■ DATASET EXCERPTS
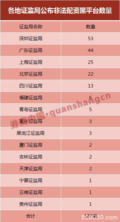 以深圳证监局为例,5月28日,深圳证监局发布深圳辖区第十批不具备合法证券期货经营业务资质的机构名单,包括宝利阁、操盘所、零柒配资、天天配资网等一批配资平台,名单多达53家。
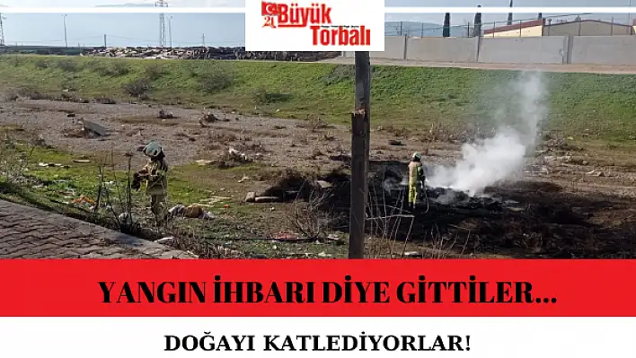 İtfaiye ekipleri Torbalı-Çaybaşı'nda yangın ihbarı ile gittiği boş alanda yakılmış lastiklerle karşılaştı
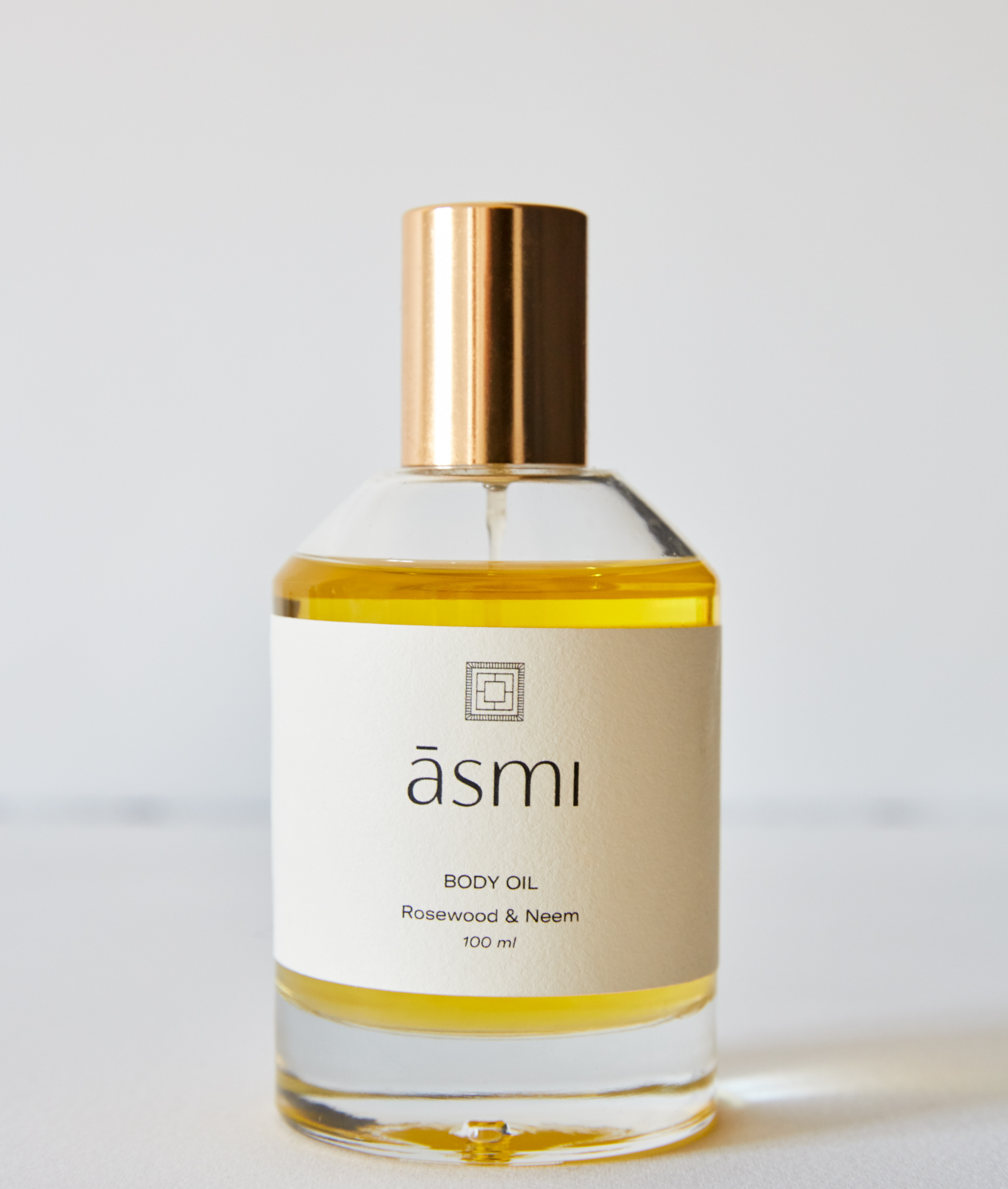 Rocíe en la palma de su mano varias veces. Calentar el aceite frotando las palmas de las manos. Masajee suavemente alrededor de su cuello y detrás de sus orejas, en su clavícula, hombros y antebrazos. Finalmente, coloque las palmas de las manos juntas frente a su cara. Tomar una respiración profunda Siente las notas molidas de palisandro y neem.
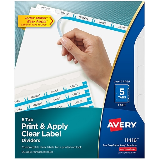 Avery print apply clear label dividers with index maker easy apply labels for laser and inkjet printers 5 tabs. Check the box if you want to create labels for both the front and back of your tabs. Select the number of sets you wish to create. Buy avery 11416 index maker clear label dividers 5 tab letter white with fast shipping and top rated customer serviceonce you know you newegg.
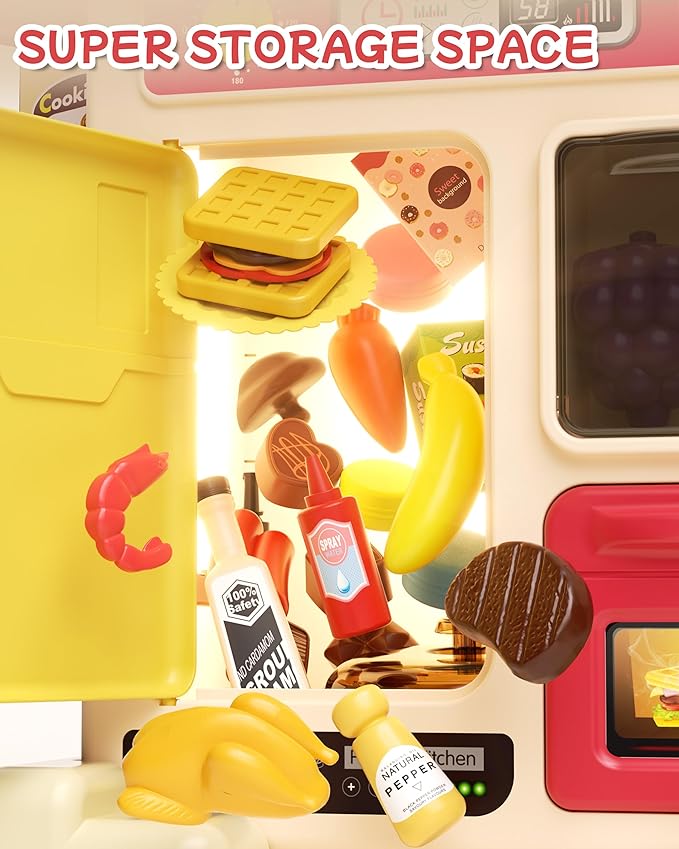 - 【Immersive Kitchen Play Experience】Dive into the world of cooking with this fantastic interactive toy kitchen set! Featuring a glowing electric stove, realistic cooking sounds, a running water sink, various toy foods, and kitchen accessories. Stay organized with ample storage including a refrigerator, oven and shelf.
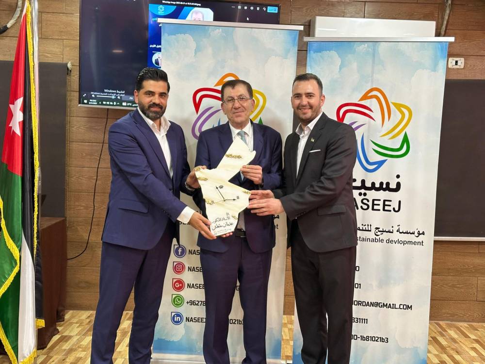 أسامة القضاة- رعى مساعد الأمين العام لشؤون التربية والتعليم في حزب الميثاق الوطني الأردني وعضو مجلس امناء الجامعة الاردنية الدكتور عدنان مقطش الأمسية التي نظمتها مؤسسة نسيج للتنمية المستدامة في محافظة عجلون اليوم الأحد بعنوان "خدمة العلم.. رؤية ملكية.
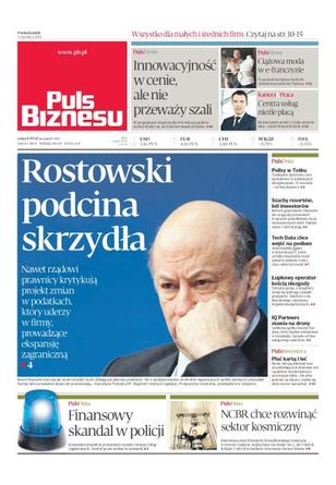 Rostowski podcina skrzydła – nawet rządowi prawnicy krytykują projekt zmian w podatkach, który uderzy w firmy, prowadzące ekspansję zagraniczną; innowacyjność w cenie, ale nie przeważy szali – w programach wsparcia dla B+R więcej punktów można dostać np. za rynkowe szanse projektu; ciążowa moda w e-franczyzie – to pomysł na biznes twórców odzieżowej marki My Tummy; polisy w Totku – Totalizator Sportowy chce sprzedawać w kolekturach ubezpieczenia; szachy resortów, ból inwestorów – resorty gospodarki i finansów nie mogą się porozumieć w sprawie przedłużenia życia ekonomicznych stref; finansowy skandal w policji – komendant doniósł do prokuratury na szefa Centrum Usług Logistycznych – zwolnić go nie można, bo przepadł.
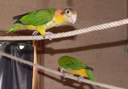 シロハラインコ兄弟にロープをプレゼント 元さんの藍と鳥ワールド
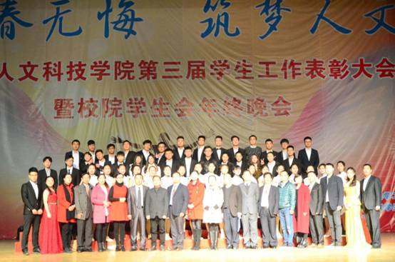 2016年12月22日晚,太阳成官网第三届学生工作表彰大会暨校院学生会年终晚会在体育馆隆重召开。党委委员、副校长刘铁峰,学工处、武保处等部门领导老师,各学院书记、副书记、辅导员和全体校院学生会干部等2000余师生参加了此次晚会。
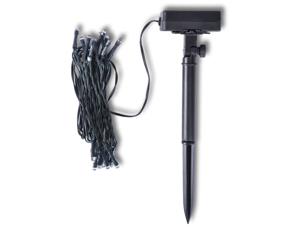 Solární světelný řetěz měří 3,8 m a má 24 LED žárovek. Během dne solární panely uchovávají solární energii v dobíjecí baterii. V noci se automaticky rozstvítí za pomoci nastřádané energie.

■ ASSIGNMENT
Start at the first line of the records and write out everything up to and including the line containing "Rocíe en la". No pictures.

■ OUTPUT FOR THIS TASK
 以深圳证监局为例,5月28日,深圳证监局发布深圳辖区第十批不具备合法证券期货经营业务资质的机构名单,包括宝利阁、操盘所、零柒配资、天天配资网等一批配资平台,名单多达53家。
 İtfaiye ekipleri Torbalı-Çaybaşı'nda yangın ihbarı ile gittiği boş alanda yakılmış lastiklerle karşılaştı
 Rocíe en la palma de su mano varias veces. Calentar el aceite frotando las palmas de las manos. Masajee suavemente alrededor de su cuello y detrás de sus orejas, en su clavícula, hombros y antebrazos. Finalmente, coloque las palmas de las manos juntas frente a su cara. Tomar una respiración profunda Siente las notas molidas de palisandro y neem.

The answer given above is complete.